The 2015 edition of Earth Hour is upon us this Saturday, March 28th. The event, organized by the World Wildlife Federation, was first held as a "lights off" event in Sydney, Australia in 2007. Since then Earth Hour has grown to include over 7000 towns and cities around the world including many in southern Quebec. The idea behind the event is to raise awareness to the fragility of the planet. For one hour between 8:30 and 9:30pm local time where you live, you are asked to turn off all non-essential lights as a symbol of your commitment to the planet. Outside of the 1 hour, there are many more ways you can help all year long. For more information visit www.earthhour.org. Earth Hour is held in late March to coincide with the changing of the seasons in the Northern and Southern Hemispheres.

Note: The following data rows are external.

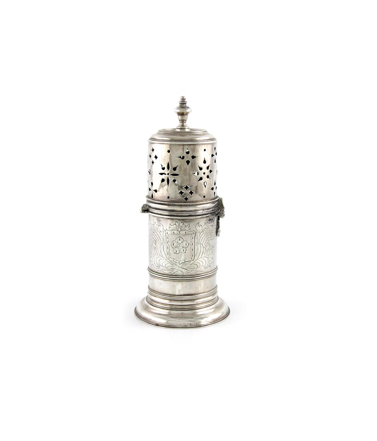 lighthouse form, the bayonet fitting cover with a later hinge and clasp, pierced decoration and with a knop finial, the body engraved with an armorial shield with feather mantling, on a raised circular foot, height 20cm, approx. weight 11oz.
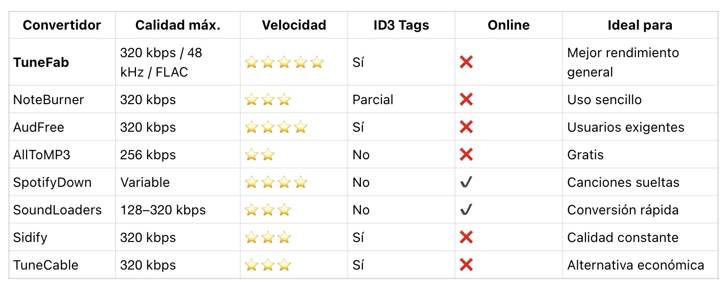 El mercado de convertidores de Spotify a MP3 está lleno de opciones, pero tras probar las herramientas más populares vimos que TuneFab Spotify Music Converter ofrece la mejor combinación de velocidad, calidad de audio, estabilidad y funciones avanzadas.
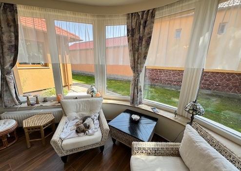 Das Außenmauerwerk wurde aus 30 cm N+F Leiertherm-Steinen mit 20 cm Wärmedämmung errichtet. Die inneren Trennwände bestehen aus schalldämmenden Leiertherm-Steinen. Aufgrund des einzigartigen Designs des Wintergartens wurde eine monolithische Holzplatte installiert. Das Dach ist mit terranischen Betonziegeln gedeckt. Bei den Türen und Fenstern handelt es sich um 3-schichtige 5-Kammer-Kunststofffenster mit hervorragender Wärme- und Schalldämmung, die in zwei Räumen mit elektrischen Jalousien und Moskitonetzen ausgestattet sind. Die äußeren und inneren Fensterbänke sowie das Waschbecken im Badezimmer bestehen aus gebranntem Kalkstein. Die Beheizung und Warmwasserversorgung des Einfamilienhauses erfolgt über einen energiesparenden Gas-Brennwertkessel, die Wärmeerzeuger sind eine Kombination aus Fußbodenheizung und Heizkörpern. Der jährliche Gasverbrauch des Hauses beträgt 1.300 m3, was durchschnittlich 12.000 HUF pro Monat bedeutet!!! Im Wohnzimmer sorgen ein riesiger Holzkamin und eine 5 kW Kühl-Heiz-
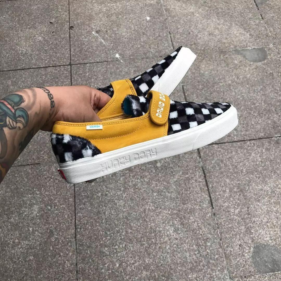 David Bowie x Vans Slip-on 联名鞋款曝光 IG用户 @dirtymoney823 近日曝光了全新 David Bowie x Vans Slip-on 联名鞋款。此次鞋履采用 Vans 经典鞋型之一 Slip-on 作为基底,整体配色以毛绒材质格纹搭配磨砂皮革姜黄配色,值得一体的是,鞋款侧部延伸出的魔术贴设计体现其鞋款的独特设计,而魔术贴处以及鞋侧面外延都带有 David Bowie 标志性 Logo 以表此次的联名身份,不过目前还未明确发售时间。
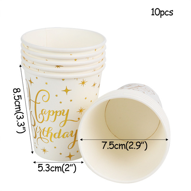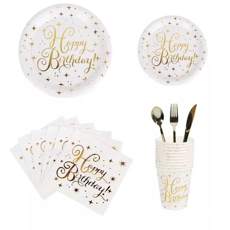 Type: paper cup, paper plate, napkin, knife, fork and spoon
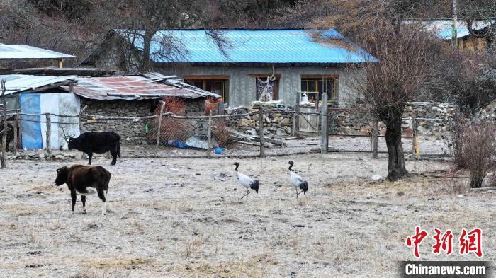 圖為西藏林芝市工布江達(dá)縣錯(cuò)高村里的黑頸鶴。扎頓 攝

The forecast for the upcoming few days in Montreal looks rather tranquil. Clouds and flurries today will linger into the overnight across southern Quebec with perhaps a dusting to 1cm in places. Temperatures will remain below normal for the weekend with highs at the freezing point Saturday, and cold overnight lows around -10C (14F). On Sunday high pressure will briefly clear skies out for a sunny day with the mercury responding and reaching 4C (39F). By Monday another cold front and weak area of low pressure will produce showers or flurries with a high of 7C (45F).
|Tornado on March 25, west of Tulsa, Oklahoma. (Twitter Photo @TwistedSkyMedia)|
March had been a record quiet month for severe weather across the US. As a matter of fact the extreme cold this winter had limited severe thunderstorm development this year with no tornado fatalities reported through March 25. That all changed Thursday as several storms swept across the southern plains including Oklahoma with large hail, strong winds and tornadoes. Once again Moore, Oklahoma was hard hit with widespread damage in several neighborhoods. Two fatalities were reported in Oklahoma with the Moore tornado estimated to be an EF-2 by the National Weather Service.